Garret Schwegmann Sr.'s son Garret Schwegmann Jr. also entered the grocery business, working at various corner grocery stores in the New Orleans area, including Garret Schwegmann Sr.'s grocery store which was then located on Piety Street in New Orleans. On March 3, 1895, Garret Schwegmann Jr. purchased the store from his father and re-opened the store as G.A. Schwegmann Grocery Company. He managed the store with his brothers Henry Schwegmann and John Schwegmann.

As manager of the grocery store, Garret Schwegmann Jr. renovated the store and built a reputation in the local market for selling inexpensive goods. By the beginning of the 20th century, he renamed the enterprise Schwegmann Brothers Company.

Garret Schwegmann Jr. made changes in grocery store operations that contributed to the success of his enterprise. Most grocery stores in the latter part of the 19th century and early 20th century were mom and pop operations which commonly sold goods on credit to the customers. Garret Schwegmann Jr. eliminated this practice while instead offering consistently low prices. The store also offered delivery services. Other innovations included larger size of the store, greater selection, self-service (rather than full service), and a larger staff of employees. Their larger selection included fresh baked goods, seafood, and game meats. These were all uncommon practices at the corner grocery stories that dominated food sales in the early 20th century. Garret Schwegmann Jr. opened Schwegmann's Bar on property immediately adjacent to their Piety Street store in the Bywater District of New Orleans.
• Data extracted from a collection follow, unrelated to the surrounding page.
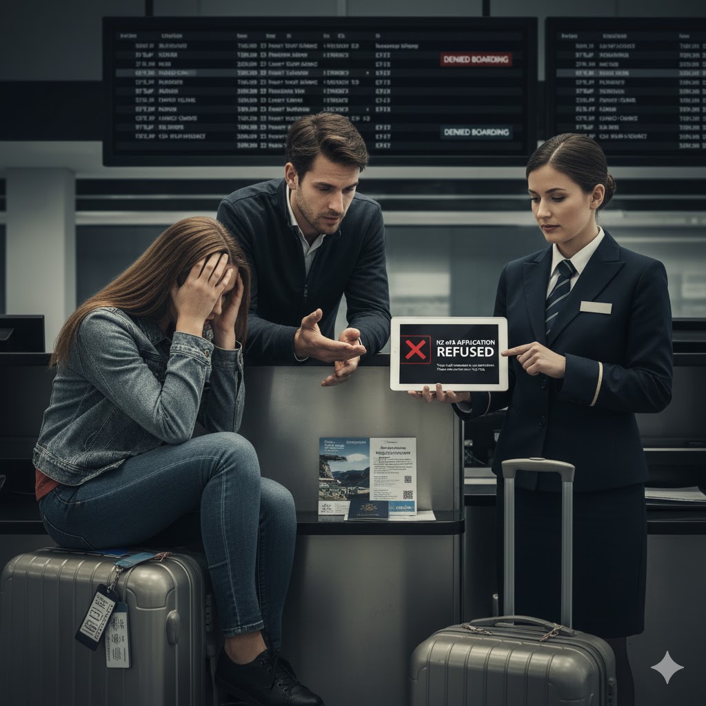A refusal is rare and usually happens for character or security reasons. If your NZ eTA application is refused, you cannot travel to New Zealand on your cruise. You will be denied boarding.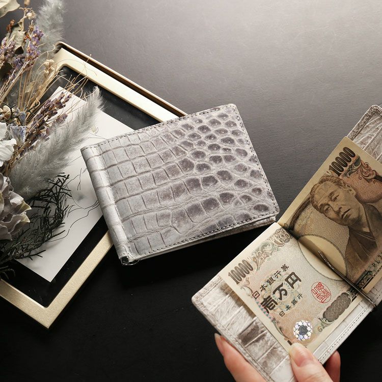※キーワード:ヒマラヤクロコダイル 白 ホワイト ナイルクロコダイル 本革 鰐革 スマート スタイリッシュ モード 薄い 薄型 軽量 二つ折り財布 折財布 折り財布 さいふ ビジネス
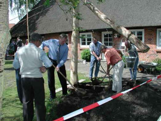 Dat Tausmeten, dat is nu een ganz wichtige Arbeid un dat is so richtig wat vör uns Rathmann Manfred Harms. Löcker taumaken, de annere utsmeten hevt, dat is sien Metier. He harr sick so in Rage schüffelt, dat he dat Schakett uttrocken müß un he harr ok en poor lütte Sweetdrüpen vörn Koppe.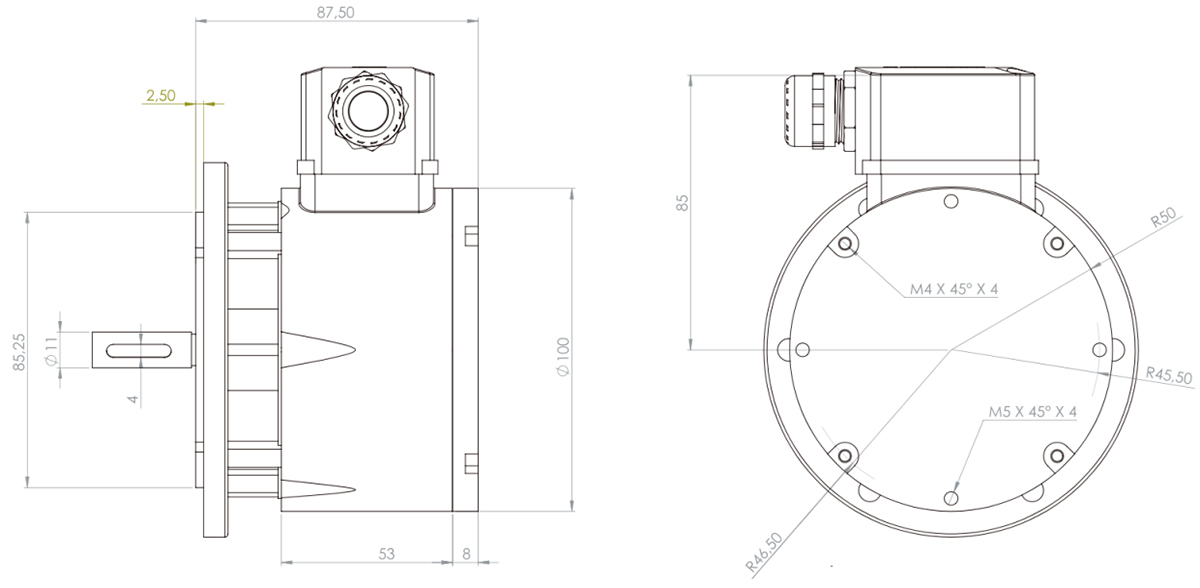 ○ | 尺寸(法蘭):B10法蘭/115mm | ○ | 軸類型:φ11mm(實心軸) | |||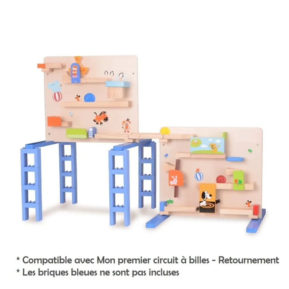 Ce circuit à billes est compatible avec Mon premier circuit à billes – Retournement. Ils sont vendus dans le pack Mon premier circuit à billes – Rotation et Retournement.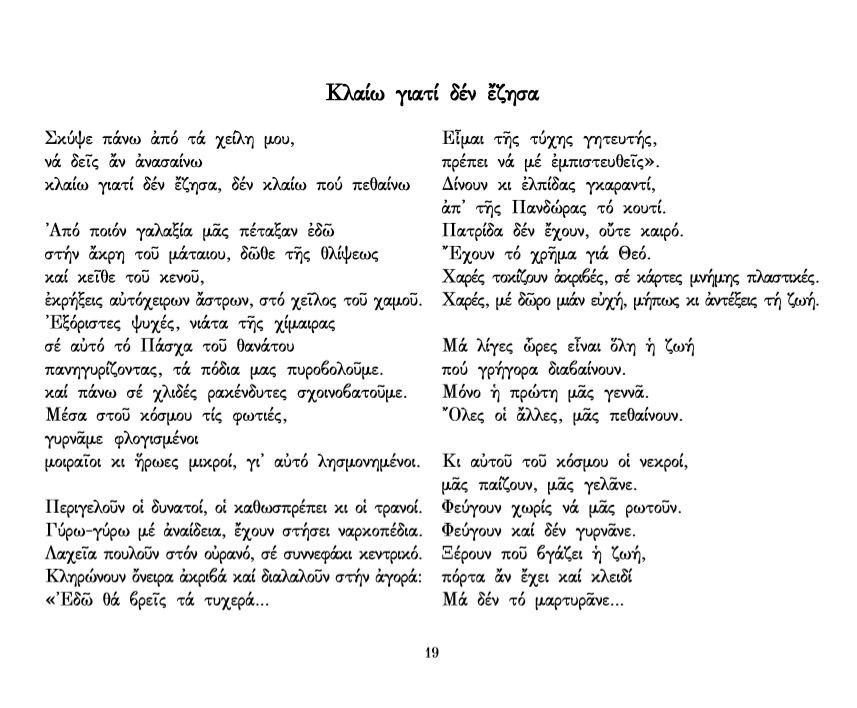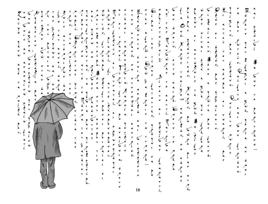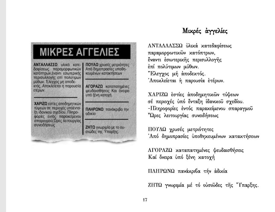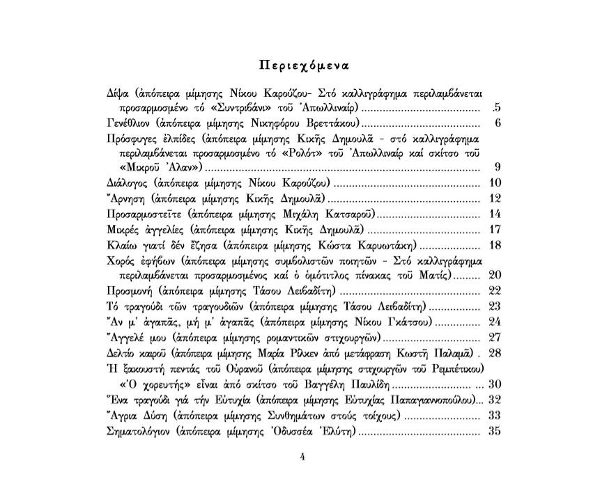Ένα εξαιρετικά πρωτότυπο έργο που περιλαµβάνει δεκαοχτώ ποιήµατα – τραγούδια γραµµένα µε τον τρόπο γνωστών ποιητών, από τον Βρεττάκο και τον Καρυωτάκη µέχρι τον Γκάτσο και τους ρεµπέτες και από τον Ελύτη και τον Καρούζο µέχρι τα συνθήµατα στους τοίχους της πόλης. Τα ποιήµατα συνοδεύουν ισάριθµα καλλιγραφήµατα, σχέδια και µορφές που είναι απολύτως συνυφασµένα µε τα ποιήµατα.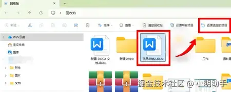 回收站是电脑默认的误删文件暂存位置,文件误删除如何恢复?我们可以在电脑桌面上找到类似垃圾桶的图标,双击点开后选中需要恢复的文件,然后点击上方的【还原选定的项目】 ,实现删除文件恢复。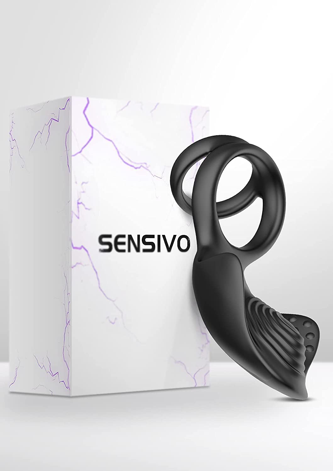 Vibrating Cock Ring for Couple, SENSIVO 3 in 1 Dual Penis Rings with 10 Vibration Modes, Rechargeable Mens Vibrator for Perineum or Clitorals Stimulation and Erection, Adult Sex Toys and Games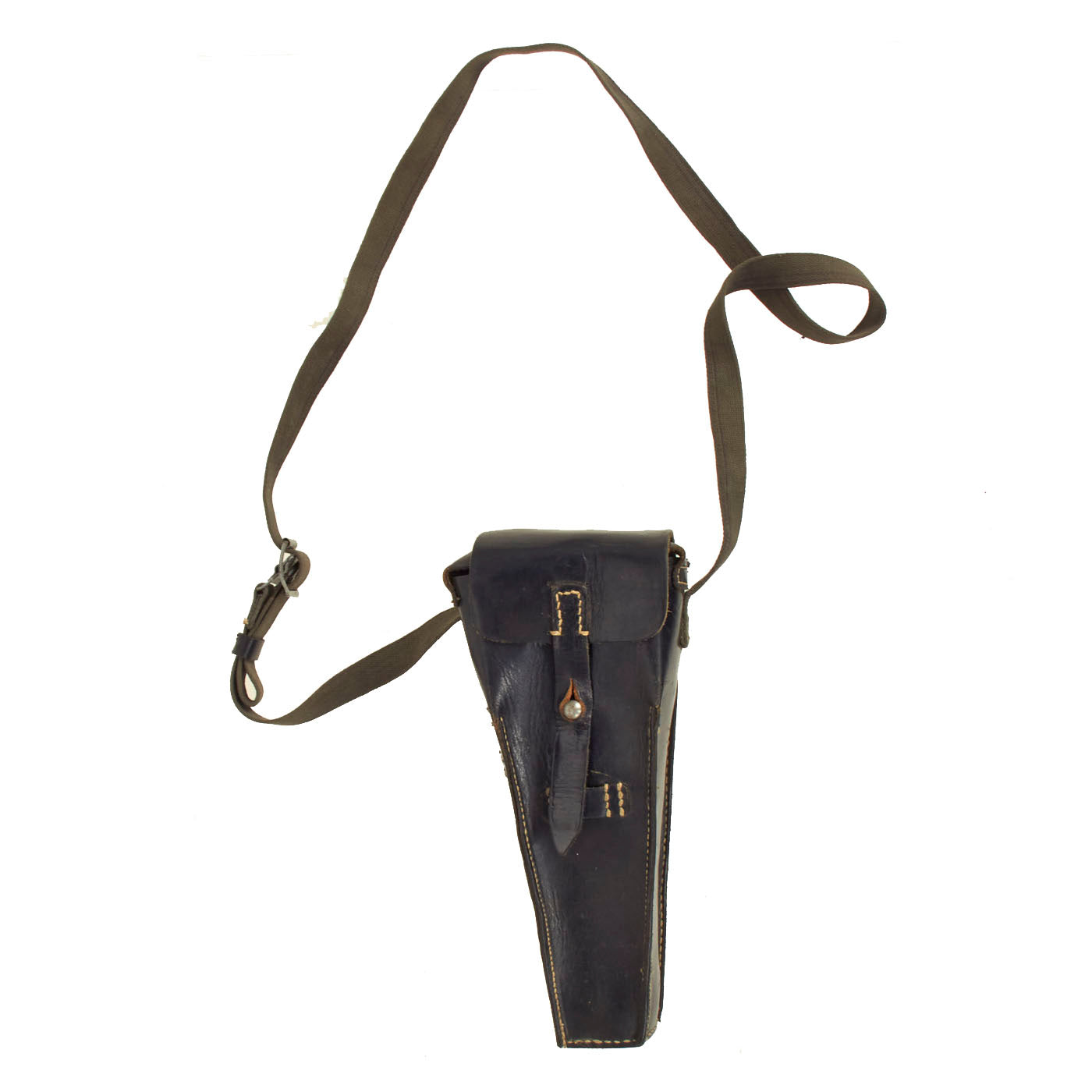 The case has original strap and all internal fittings, with manufacturer code, date and Waffenamt: dkk / 43. This indicates manufacture by leather working firm Friedrich Offermann & Söhne of Bensberg, who made numerous holsters during the war. The condition of the case is very nice, retaining almost all of the finish, with just a bit of wear and age.

Garret Schwegmann Jr. invested in other businesses, especially New Orleans real estate. In 1939, he sold his grocery store to his brother John Schwegmann Sr.

===John G. Schwegmann===
John Gerald Schwegmann (1911–1995) was the nephew of Garret Schwegmann Jr. and the son of John Schwegmann Sr. Although he grew up in a family that worked in the grocery business, John Gerald Schwegmann worked for several years in other businesses including real estate and banking, when he was a young adult. By the early 1940s, Schwegmann realized that grocery retailing was undergoing significant change in the United States and that this represented an opportunity in the Metropolitan New Orleans area. Notable among these changes was the size of grocery stores, their selection, and their appeal to consumers with access to automobile transportation.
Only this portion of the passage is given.